10
August
2015
|
12:00 PM
Europe/Amsterdam

Andra Stefanoni: Mother channels grief into event to benefit families of sick children

As I write this column about four families with sick children, my 14-year-old son is sleeping fitfully after being violently ill to his stomach for an entire day and battling a 102-degree temperature for 24 hours.

It has both worried and exhausted me, and it came at the worst time possible with his schedule. But he will get better and life will get back to normal in a few days. For the four families I'm writing about, that's not the case. Their stories are sobering.

Leslie and B.J. Harris know how all of these parents feel. Their daughter, Delylah, was born Sept. 13, 2012, with a congenital heart defect known as tetralogy of Fallot and a chromosome disorder known as DiGeorge syndrome.

She spent most of her 14-month life in the Pediatric Intensive Care Unit, had two open-heart surgeries, viral infections, a blood clot, and a tracheostomy and G-tube. I have written several stories about her, and Globe photographer Roger Nomer and I had the privilege of spending her first birthday with her at Children's Mercy.

Her parents' pain over losing her in November 2013 hasn't lessened - Leslie still reaches for tissues when we visit about it - but they have demonstrated strength by channeling their grief into something positive: Lylapaloozah.
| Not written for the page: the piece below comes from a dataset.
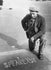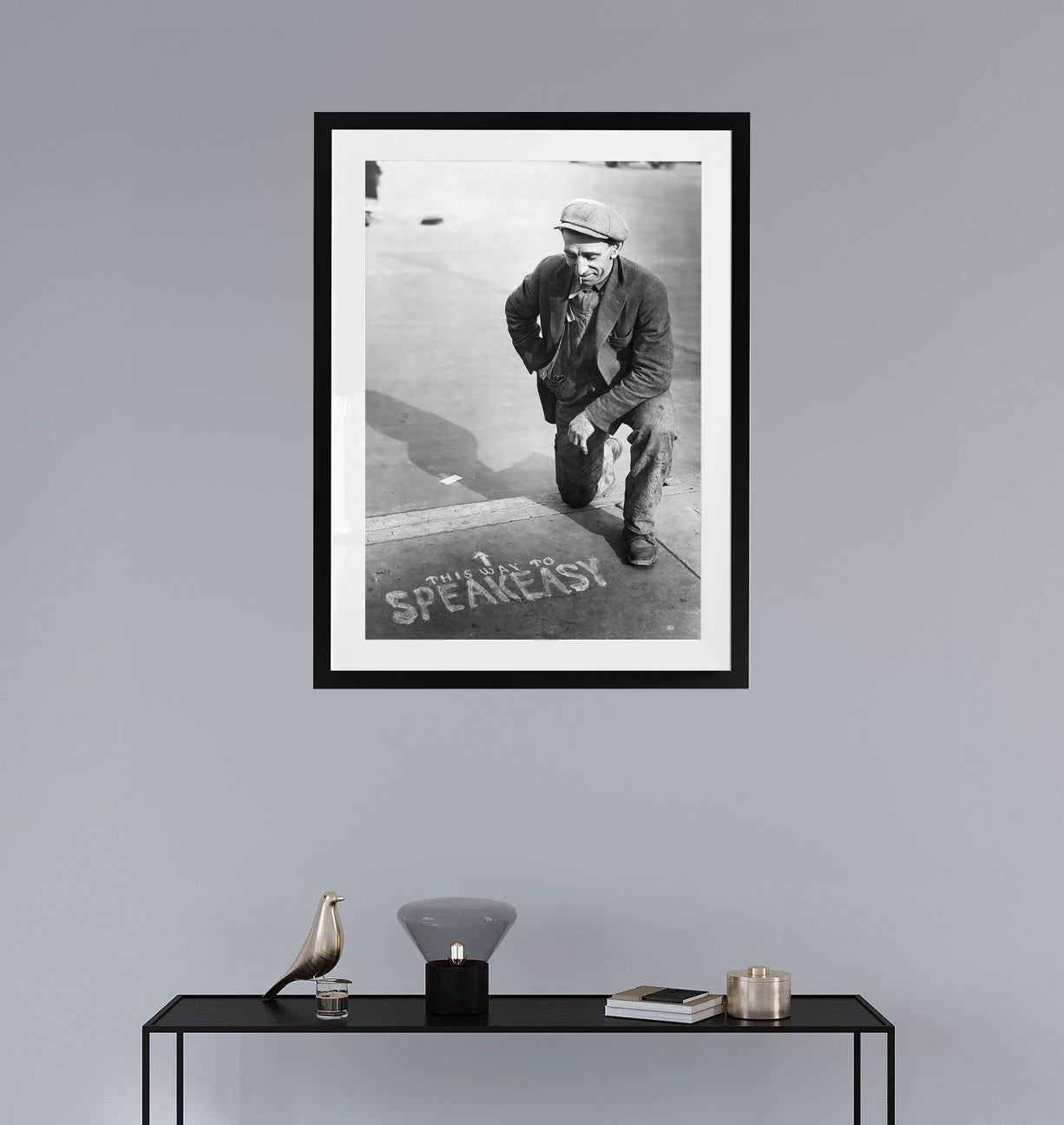 Kneeling on the pavement, a man studies a chalk message pointing the way to a hidden speakeasy — a playful reminder of the secret drinking dens that flourished during the Prohibition era. His worn jacket, flat cap, and cigarette capture the character of everyday life in the early twentieth century.

First begun in September 2012 by friends who sought to raise money for the Harris family, it was continued by friends in September 2013. Last year, Leslie decided to continue it to benefit other families with sick children. She held it on what would have been Delylah's second birthday.

This year, she's again holding it on Sept. 13, this time at Schlanger Park - home of the Everyone Can Play accessible playground - and will focus entirely on kid-friendly activities. It also will feature vendors related to children and health, including the Ronald McDonald House, the American Heart Association, NICU Helping Hands, Be Kind Kids, Donate Life and Alex's Lemonade Stand.